-- Work task --
Restate word for word the lines of the listing below, from its first line through the line with "There’s plenty of", without the pictures.

-- Input data --

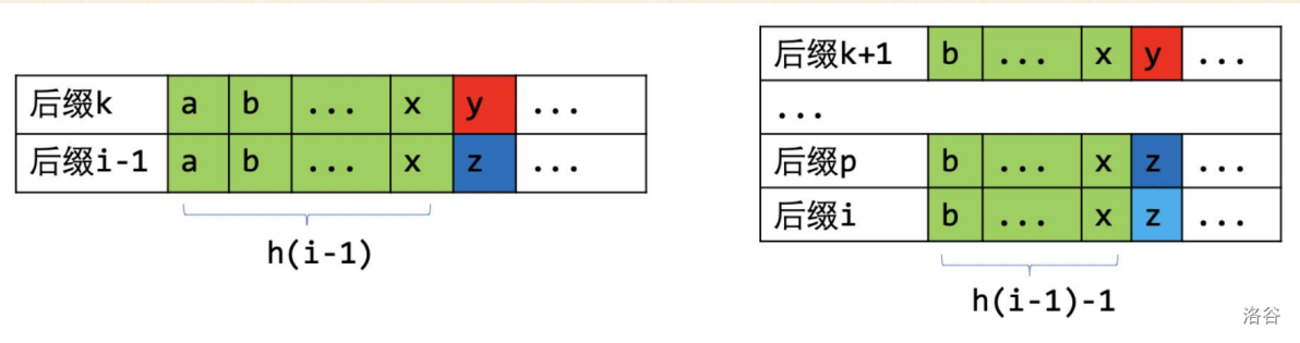 注意到上一个式子相当于 $i$ 开始的后缀的 $height$ 一定大于等于 $i - 1$ 开始的 $height - 1$。如上面那张图,$i$ 开始的后缀就是 $i - 1$ 开始的后缀删掉前面一个字符。那么 $i$ 的前继后缀一定只比 $i - 1$ 的前继后缀少一个最前面的字符。所以就有了上面那个性质。
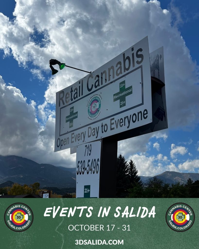 There’s plenty of October left, Salida! There’s still time to soak up the season with some amazing local events — and we’re here to help you make the most of it! Whether you’re here for the art, the eats, or the autumn air — Salida’s got something for everyone. Swing by 3D SALIDA before or after the festivities and keep the good vibes rolling. #3DSalida #SalidaEvents #ColoradoCannabis #CommunityVibes #SupportLocal #SalidaArtWalk #FallInSalidaRead More Oct 16, 2025
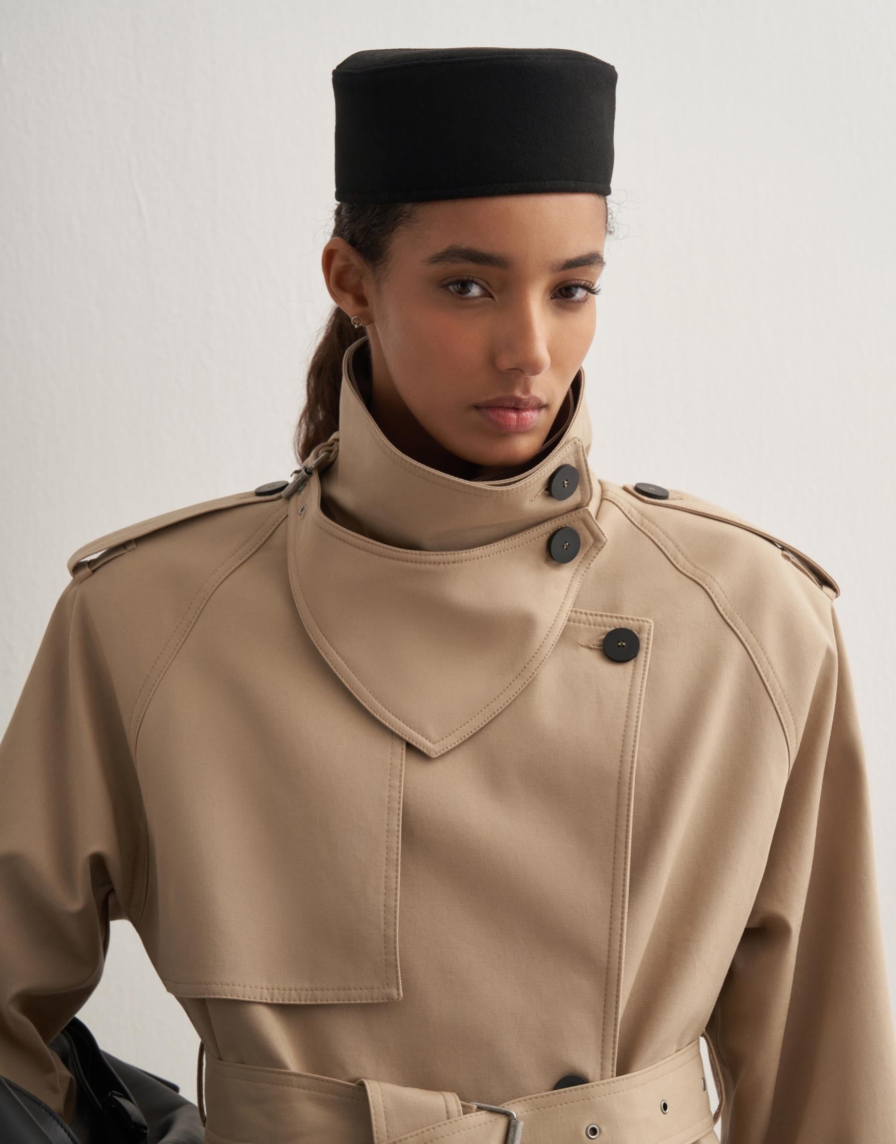 A statement outerwear piece that balances structure and versatility. Designed in a full-length silhouette, this trench features a sculpted high neckline and a detachable front panel that allows for styling variation. The belted waist enhances the shape, while epaulettes and cuff straps reference classic trench tailoring. Crafted from 100% cotton, it delivers a refined, breathable feel suited for transitional seasons.

-- Answer for the task --
 注意到上一个式子相当于 $i$ 开始的后缀的 $height$ 一定大于等于 $i - 1$ 开始的 $height - 1$。如上面那张图,$i$ 开始的后缀就是 $i - 1$ 开始的后缀删掉前面一个字符。那么 $i$ 的前继后缀一定只比 $i - 1$ 的前继后缀少一个最前面的字符。所以就有了上面那个性质。
 There’s plenty of October left, Salida! There’s still time to soak up the season with some amazing local events — and we’re here to help you make the most of it! Whether you’re here for the art, the eats, or the autumn air — Salida’s got something for everyone. Swing by 3D SALIDA before or after the festivities and keep the good vibes rolling. #3DSalida #SalidaEvents #ColoradoCannabis #CommunityVibes #SupportLocal #SalidaArtWalk #FallInSalidaRead More Oct 16, 2025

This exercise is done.